A personal development speaker I often listen to delivers a set of talks on developing personal guardrails designed to prevent us from going off the deep end emotionally and relationally. Similarly as we explore this new age of artificial intelligence (AI) people are recognizing that we could use a set of guardrails to help guide our collective decisions using this new technology.

Collective guardrails generally include social norms, laws, and rules. Do we have any existing guardrails that will help us navigate AI? Where might they come from? What guardrails might work? Which might fall short?

Guardrails: Guiding Human Decisions in the Age of AI by Urs Gasser and Viktor Mayer-Schönberger came out recently. I promised to read and review it a couple of months ago. It got buried amongst other reading, plus it is not one of those “skim through” business books. This book has real meat. Based on the latest insights from the cognitive sciences, economics, and public policy, Guardrails offers a novel approach to shaping decisions by embracing human agency in its social context.

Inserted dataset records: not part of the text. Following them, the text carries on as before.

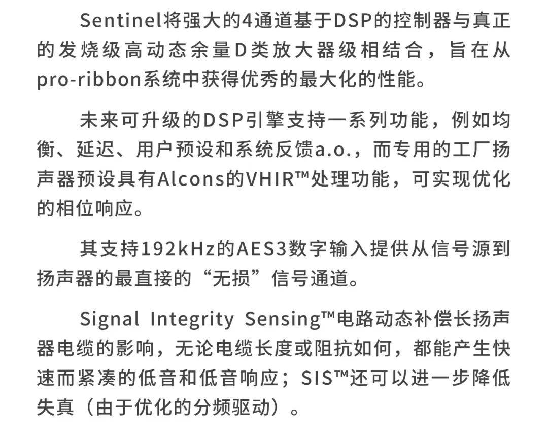 ALCSentinel10 具有强大的4通道dps基控制器与ClassD放大器级。4个单独可寻址输入接受模拟或高达192 kHz的数字AES3信号,可向上/向下采样至96 kHz。由定制的高端采样速率转换器。未来可升级的强大DSP引擎,即使在处理最复杂的(IIR, FIR)算法时,也能将延迟降至最低。功能包括6波段(货架/通/参数化)每个通道均衡,延迟,所有系统和系统配置的工厂预设,用户预设,事件记录和系统反馈。
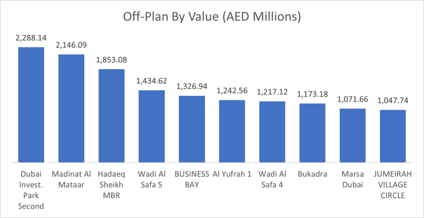 • Top 10 by Value: Dubai Investment Park Second topped the list with AED 2.29 billion, followed closely by Madinat Al Mataar at AED 2.15 billion. Other high-value areas included Hadaeq Sheikh MBR (AED 1.85 billion) and Business Bay (AED 1.33 billion), highlighting strategic locations that attract high-value transactions.
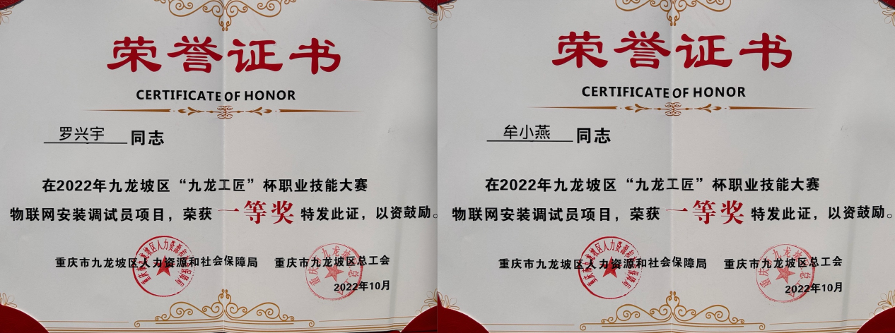 金秋十月,丹桂飘香。通信工程学院老师在2022年九龙坡区“九龙工匠”杯职业技能大赛物联网安装调试员项目中取得优异成绩,其中罗兴宇、牟小燕两位老师斩获教师技能比赛一等奖,冉锋力教师荣获三等奖。

The authors with meticulous research lead us through technology approaches and social approaches through laws and regulations revealing the benefits but also the shortcomings of each.

From the press release: In this visionary book, Urs Gasser and Viktor Mayer-Schönberger show how the quick embrace of technological solutions can lead to results we don’t always want and explain how society itself can provide guardrails more suited to the digital age, ones that empower individual choice while accounting for the social good, encourage flexibility in the face of changing circumstances, and ultimately help us to make better decisions as we tackle the most daunting problems of our times, such as global injustice and climate change.

They conclude, “We hope that our readers—and everyone in governments, companies, and communities tasked with confronting some of humanity’s biggest challenges—will embrace this timely opportunity to think about and experiment with smarter guardrails to work toward better, fairer, and more sustainable futures.”

Urs Gasser is professor of public policy, governance, and innovative technology and dean of the School of Social Sciences and Technology at the Technical University of Munich. His books include (with John Palfrey) Born Digital: How Children Grow Up in a Digital Age. Viktor Mayer-Schönberger is professor of internet governance and regulation at the University of Oxford. His books include Delete: The Virtue of Forgetting in the Digital Age (Princeton).